About the Technical Reviewer
Preeti Pandhu
has a Master of Science degree in Applied (Industrial) Statistics from the University of Pune. She is SAS certified as a base and advanced programmer for SAS 9 as well as a predictive modeler using SAS Enterprise Miner 7. Preeti has more than 18 years of experience in analytics and training. She started her career as a lecturer in statistics and began her journey into the corporate world with IDeaS (now a SAS company), where she managed a team of business analysts in the optimization and forecasting domain. She joined SAS as a corporate trainer before stepping back into the analytics domain to contribute to a solution-testing team and research/consulting team. She was with SAS for 9 years. Preeti is currently passionately building her analytics training firm, DataScienceLab ( www.datasciencelab.in ).
Eric Goh Ming Hui 2019
Eric Goh Ming Hui Learn R for Applied Statistics https://doi.org/10.1007/978-1-4842-4200-1_1
1. Introduction
In this book, you will use R for applied statistics, which can be used in the data understanding and modeling stages of the CRISP DM (data mining) model.
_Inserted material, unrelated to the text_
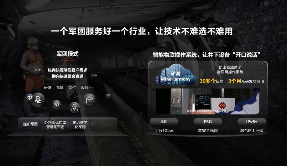 為了幫助企業(yè)選好技術、用好技術,另一個關鍵措施就是成立軍團。自去年底,我們已面向煤礦、港口、電力等多個行業(yè)成立了多個軍團組織。軍團是專業(yè)化隊伍,一方面,對內(nèi)拉通端到端的資源,包括研發(fā)、銷售、交付、服務等,以便深入理解行業(yè)的生產(chǎn)實踐和行業(yè)知識,打造適配場景的產(chǎn)品和解決方案;另一方面,對外聯(lián)合更多的解決方案伙伴,把華為和伙伴的能力整合在一起,形成針對性的解決方案。

Data mining is the process of mining the insights and knowledge from data. R programming was created for statistics and is used in academic and research fields. R programming has evolved over time and many packages have been created to do data mining , text mining, and data visualizations tasks. R is very mature in the statistics field, so it is ideal to use R for the data exploration, data understanding, or modeling stages of the CRISP DM model.